THE FUTURE FOR HYDRATION HEALTH IN YOUTH SPORT

It is essential to appreciate the key complex psychobiological systems that are central to managing the ongoing interplay between maintaining water balance and the numerous concomitant factors challenging hydration status in youth sport. Respectively, the corresponding relationships and risks to performance and health (acutely and long-term) cannot be accurately interpreted or anticipated by solely evaluating discrete hydration metrics, especially when the youth athletes under observation are removed from the natural sport environment for testing and assessment. Accordingly, to fully recognize the extensive role and contribution of hydration to youth athletes’ health and sustainable sport participation and performance, a contemporary approach utilizing multi-domain, complex systems and state-of-the-art tools and methods is warranted. Moreover, the research needs to go beyond simply identifying risk factors to achieving insights that would enable real-world implementation of advanced pattern recognition and flexible predictive classification modelling, thus providing more informed decision support (Bittencourt et al., 2016, Lopez-Valenciano et al., 2018).

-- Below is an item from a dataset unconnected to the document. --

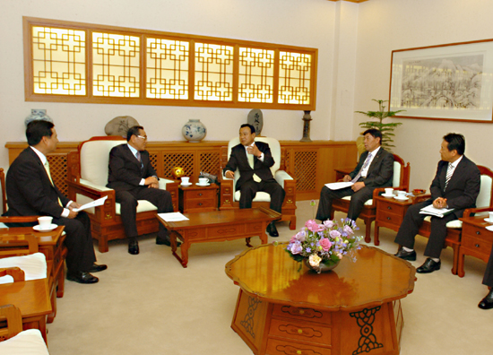 이완구 충청남도 지사는 (5. 28일)지역건설산업 활성화의 지속적인 추진방안을 모색하고 그간의 성과에 대한 의견을 청취하고자 박성배 대한건설협회 충청남도 회장, 박상희 전문건설협회 충청남도 회장, 황광연 설비건설협회 대전충남도회장과 전병욱 건설교통국장이 참석한 가운데 간담회의를 가졌다.

More wide-ranging insights and corroborated perspectives resulting from this forward-thinking modern holistic approach will reduce the gap between research discovery in the laboratory and general acceptance and uptake of recommendations and guidelines (Finch, 2017). The emerging rigorously validated models will then be aptly translated to an assortment of new corresponding practical and evidence-informed applications for coaches, health care professionals and parents. With simple and seamless utility, individuals will be widely and independently enabled to clarify and thus mitigate their hydration-related challenges and consequent health risks (Dolci et al., 2022). Universal recognition and integration of this contemporary paradigm will be essential in making hydration and hydration health justifiably and routinely more prominent for youth athletes and those responsibly overseeing them.

PRACTICAL RECOMMENDATIONS

  • Youth athletes and those adults overseeing them should appreciate the fundamental role of hydration beyond only during sport participation and always maintain an emphasis on sound hydration habits and behaviors throughout each day.
  • Hydration needs progressively increase across adolescence, as youth athletes grow, mature and develop as athletes and in their sport(s). Accordingly, preparation, during sport activities, and recovery hydration strategies should be in parallel more deliberate and robust and increasingly responsibly managed by the athlete.
  • Despite the advent and rapid evolution of modern technologies for conveniently monitoring hydration status, these novel and intriguing devices should not supplant self-monitoring of body weight changes incurred during training and competition and first-morning urine to generally gauge one’s sport-related hydration needs and daily rehydration effectiveness.

SUMMARY

Hydration plays a key role for all youth athletes, where sound daily hydration management is central to sport performance and safety, along with generally facilitating learning and setting the stage for long-term health and well-being as an adult. A broad multi-domain network systems approach, using state-of-the-art technology, will enable a more optimal development and reinforce the valid utility of tools and applications designed to seamlessly track hydration status, as well as provide clarity to the underlying role of hydration in supporting acute and chronic health and mitigating disease risk.

The views expressed are those of the author and do not necessarily reflect the position or policy of PepsiCo, Inc.